Merlino Chiara, Bergallo Massimiliano, Gribaudo Giorgio, Gregori Gabriella, Paolo Segoloni Giuseppe, Giacchino Franca, Ponzi Alessandro Negro, Cavallo Rossana
Department of Public Health and Microbiology, Virology Unit, University of Turin, Via Santena 9-10126, Turin, Italy.
J Clin Virol. 2003 Dec;28(3):265-74. doi: 10.1016/s1386-6532(03)00012-x.
Several studies have disclosed a correlation between polyomavirus BK (BKV) and interstitial nephritis in renal transplant recipients and its quantification in urine and serum is therefore required to assess the role of BKV infection in nephropathy.
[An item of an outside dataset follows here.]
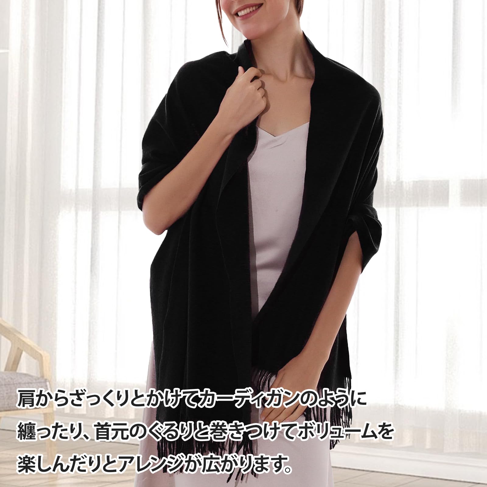 巻アレンジはもちろん、羽織りにも膝掛けにも使える。カシミヤタッチなので、ウールが苦手な方にもオスス

This paper describes a urine and serum BKV-DNA quantification protocol devised to evaluate the viral load.
Screening of samples containing > or =10(3)/ml viral genome copies by a semi-quantitative polymerase chain reaction (PCR) assay is followed by precise quantification of the samples containing a high number of viral genomes in a quantitative-competitive (QC)-PCR assay. Generation of the competitor construct relied on the different sizes of wild-type and competitor amplicons.
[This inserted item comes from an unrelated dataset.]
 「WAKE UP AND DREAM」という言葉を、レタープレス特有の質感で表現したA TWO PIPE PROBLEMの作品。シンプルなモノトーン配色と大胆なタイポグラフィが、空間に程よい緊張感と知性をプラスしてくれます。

Screening by semi-quantitative PCR selects samples with a high number of viral genomes for use in the more labor-intensive and -expensive QC-PCR assay and thus provides a handy means for quantitative DNA analysis of large numbers of samples. The results obtained in BKV-DNA quantification in urine and serum samples from 51 renal transplant recipients (22 on treatment with tacrolimus (FK506) and 29 on cyclosporine A (Cy A)) are interesting: BKV-DNA findings (43.1%) in urine samples are in agreement with the BKV urinary shedding reported in literature (5-45%). With regard to immunosuppressive treatment, the percentage of activation of the infection (revealed by BKV-DNA detection in urine samples) in the two groups of therapy is similar (40.9% vs 44.8%). The observation that the viral load in urine is dissociated with that of serum suggests that both parameters should be investigated in evaluation of the pathogenetic role of BKV reactivation in renal transplant recipients. Moreover, our BKV-DNA quantification protocol could be used to monitor viral load in urine and serum samples from renal transplant recipients so as to detect those at risk of nephropathy and monitor their response to immunosuppression reduction therapy if it occurs.
多项研究揭示了多瘤病毒BK(BKV)与肾移植受者间质性肾炎之间的相关性,因此需要对尿液和血清中的BKV进行定量检测,以评估BKV感染在肾病中的作用。
本文描述了一种用于评估病毒载量的尿液和血清BKV-DNA定量检测方法。
通过半定量聚合酶链反应(PCR)检测筛选出病毒基因组拷贝数≥10³/ml的样本,然后采用定量竞争(QC)-PCR检测对病毒基因组数量较多的样本进行精确定量。竞争构建体的产生依赖于野生型和竞争扩增子的不同大小。
通过半定量PCR筛选出病毒基因组数量较多的样本,用于更耗时且昂贵的QC-PCR检测,从而为大量样本的DNA定量分析提供了一种便捷方法。对51例肾移植受者(22例接受他克莫司(FK506)治疗,29例接受环孢素A(Cy A)治疗)的尿液和血清样本进行BKV-DNA定量检测,结果有趣:尿液样本中的BKV-DNA检测结果(43.1%)与文献报道的BKV尿排泄率(5%-45%)一致。关于免疫抑制治疗,两组治疗中感染激活的百分比(通过尿液样本中的BKV-DNA检测显示)相似(40.9%对44.8%)。尿液中病毒载量与血清中病毒载量分离的观察结果表明,在评估BKV再激活在肾移植受者发病机制中的作用时,应同时研究这两个参数。此外,我们的BKV-DNA定量检测方法可用于监测肾移植受者尿液和血清样本中的病毒载量,以检测有肾病风险的患者,并在其接受免疫抑制减量治疗时监测其反应。